Наши на что из автоматов шмаляли, а они только из пистолетов, так они все равно наших пятерых положили, а наши их только одного!
— Так, может, это не они такие крутые, а твоя братва фраера зеленые?
— Не. За свою братву я уверен. Моя братва народу положила больше, чем звезд на небе.
— А они братву положили?
— Положили... Я же говорю — они крутизна.

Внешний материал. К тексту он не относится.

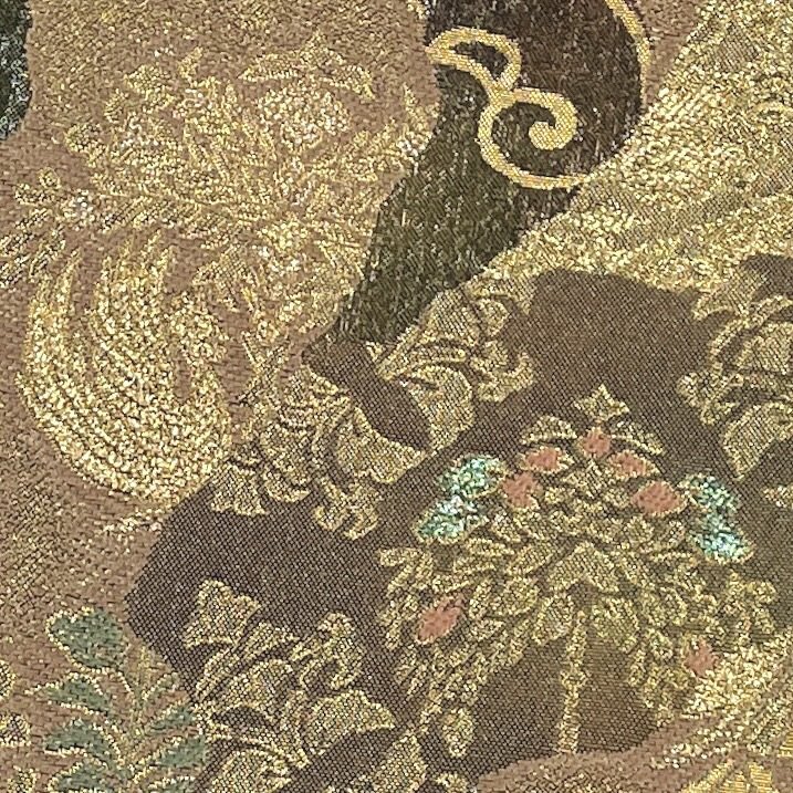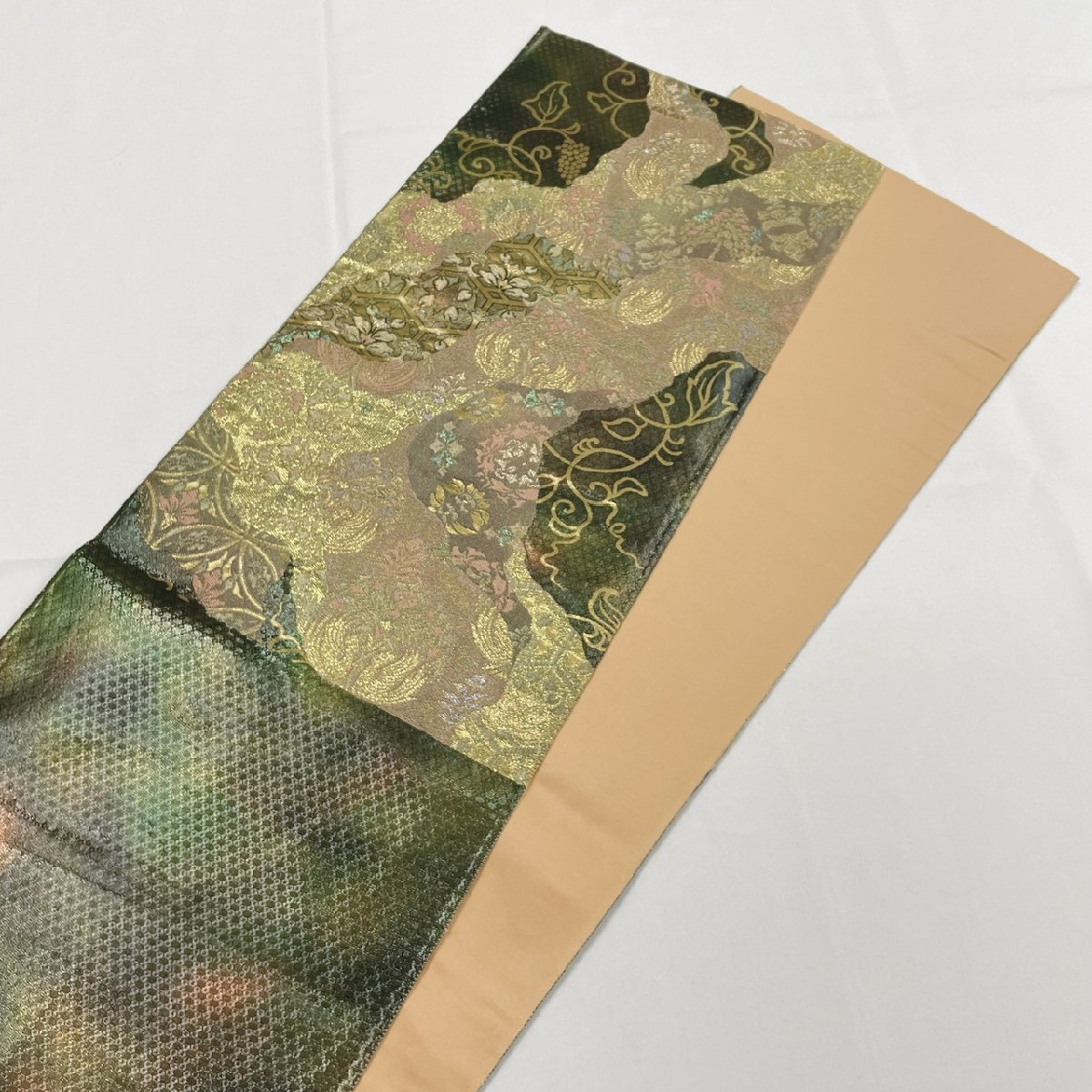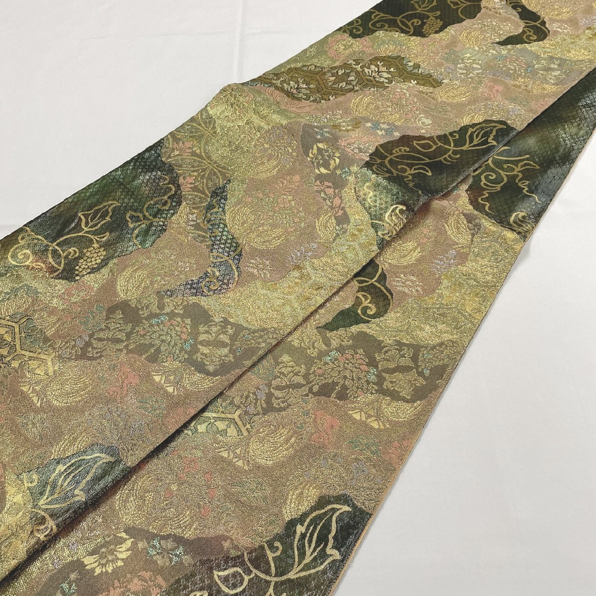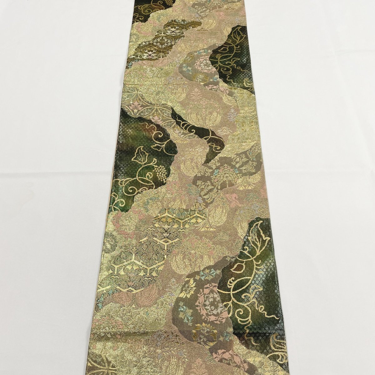着物月花 引箔 艶やかな花 袋帯 六通柄 正絹 金銀糸 ob7397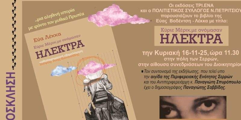 Βιβλιοπαρουσίαση | Εύα Βοδέντση – Λέκκα: «Κύριε Μέρικ, με ονόμασαν Ηλέκτρα»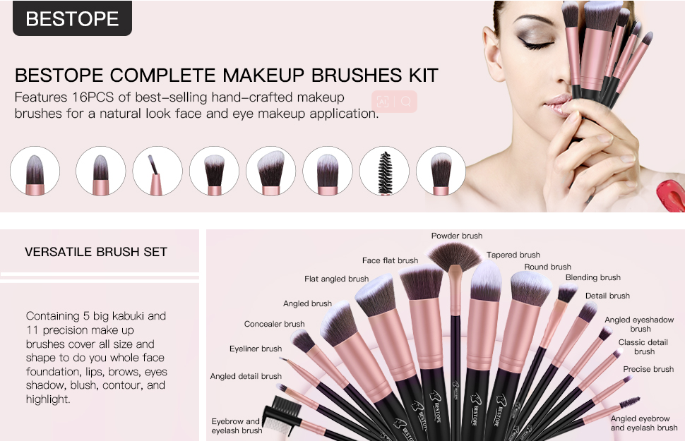 16 pcs full makeup brush set meeting all demands for your fantasy looks.

— Одних твоих положили или, может, еще кого?
— Еще положили.
— Кого?
— Там четыре каких-то кента вылезли. В самом начале.
— Каких?
— Не знаю. Папа. Но тоже крутые. Все в камуфляже. С одинаковыми автоматами. Ни хрена не боятся. Шмаляют, как в боевиках про этого, про Бонда.
— Почему ты мне о них ничего не говорил?
— Я думал, тебе про них неинтересно.
— Я сам решаю, что мне интересно, что нет. Прошляпил? И тех прошляпил, и этих тоже?
— Ну, Папа...
— Не вертись, как уж под сапогом! Поди, вместо того чтобы за улицей глядеть, пиво жрали да на телок зенки пялили?
— Папа?!
— Жрали и пялили! И оттого прошляпили! Или ты думал, я не узнаю? Дурак! Я все про тебя знаю. Даже то, что ты про себя не знаешь. А ты хотел скрыть...
— Не, я бы сказал, Папа. Ты же меня знаешь.
— Как они там, эти кенты твои, оказались?
— Не знаю, как оказались. Как из-под земли оказались. Раньше нас.
— Что они делали?
— В том-то и дело! Они хотели охранников того Иванова мочить. И его самого.
— А вы?
— Мы подоспели. Тютелька в тютельку. И сказали, чтобы они не выдрючивались, побросали пушки и свои клешни задрали.
— А они?
— Они шмалять начали. Сволочи.
— Ну?
— Ну и мы тоже! И всех их положили! Ну ты же знаешь, если братву обидеть...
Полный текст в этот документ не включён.